There's something funny going on in the venture capital world: a tipster pitched multiple media outlets the story that some sketchy business had surrounded the early-stage investment in photo-sharing site Photobucket, a 20 percent stake in a company that eventually was acquired by News Corp.'s Fox Interactive Media for about $300 million.
The Wall Street Journal, coincidentally also owned by News Corp., ran with the tip. The publication explained that an early investment in Photobucket had been made on behalf of Insight Venture Partners' executives, excluding the investors in the firm--which include, among others, the endowment fund for Yale University.
The firm's investors weren't notified and didn't reap any of the benefits of Photobucket's acquisition, and it didn't help that Insight itself has been reported erroneously as one of Photobucket's investors on occasion.
We all like a juicy, Smartest Guys in the Room-ish scandal, but legal experts quoted in the Journal indicate that Insight's executives weren't technically bending any rules. The venture firm focuses on later-stage investments, and Photobucket at the time had three employees.

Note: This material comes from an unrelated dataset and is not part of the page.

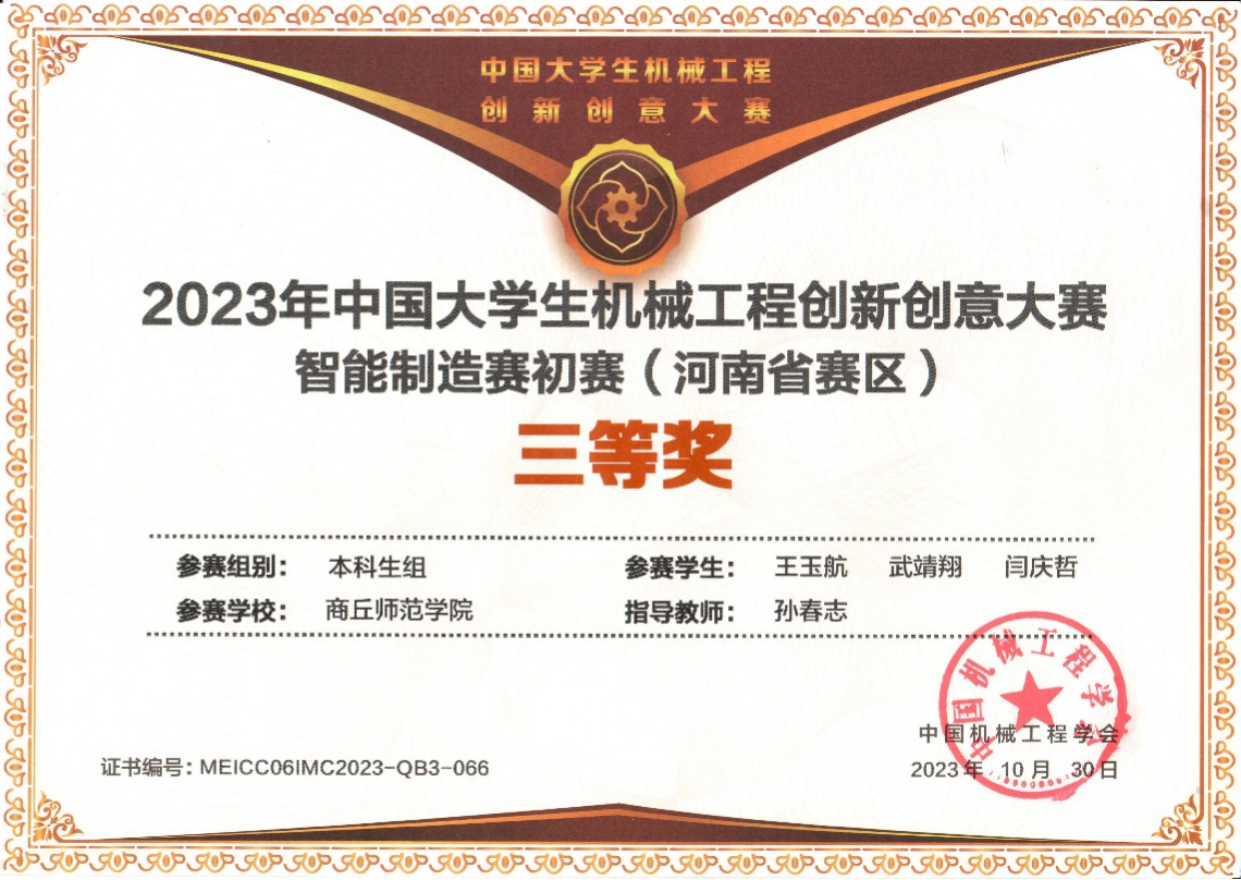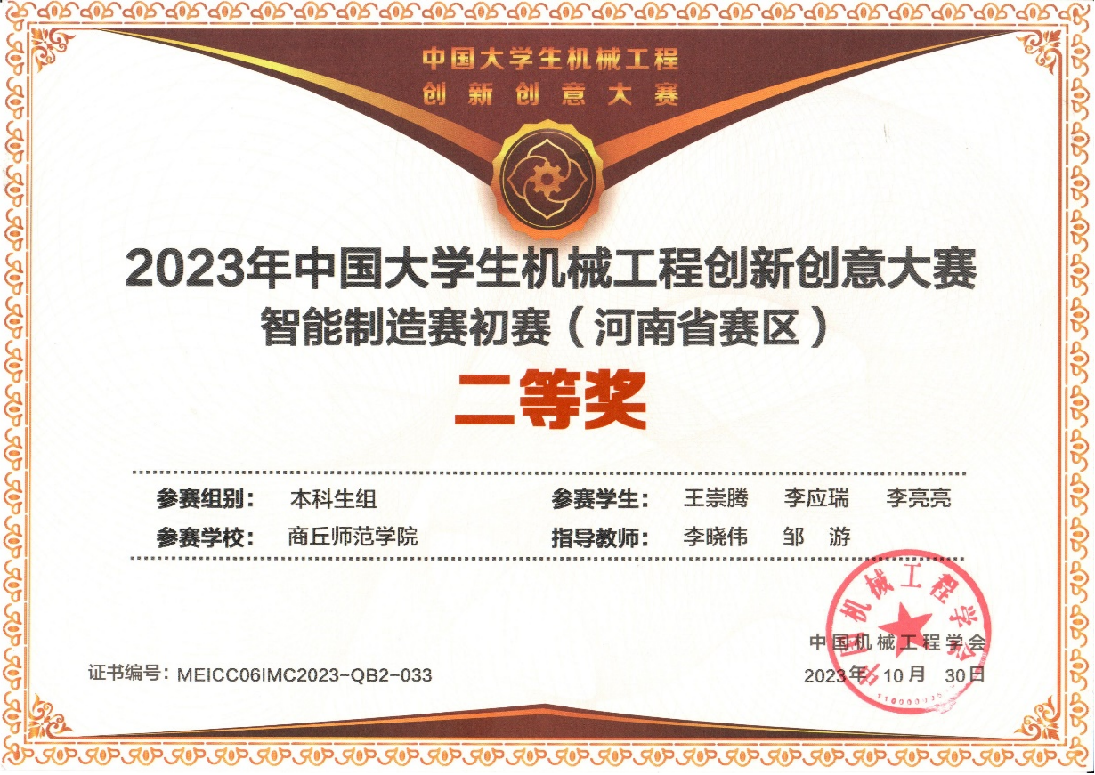近日,2023年中国大学生机械工程创新创意大赛智能制造赛河南省赛比赛结果公布。威廉williamhill团队(指导教师:李晓伟,邹游,参赛学生:王崇腾、李应瑞、李亮亮;指导教师:孙春志,参赛学生:王玉航、武靖翔、闫庆哲;)在2023年中国大学生机械工程创新创意大赛智能制造赛河南省赛中分别荣获省级二等奖、省级三等奖。

As one of the firm's investors told the Journal, "Perhaps they should have told us about this, but it was such a small deal. Would we have wanted a piece of it in hindsight? Sure. But for every one of these successes, there are a hundred failures."
This instance of VC deal making doesn't deserve much scandal mongering other than wondering what kind of beef the anonymous tipster has against Insight Venture Partners. But the broader issue deserves a look: to what extent should fund executives make their investors aware of personal investments? It's debatable.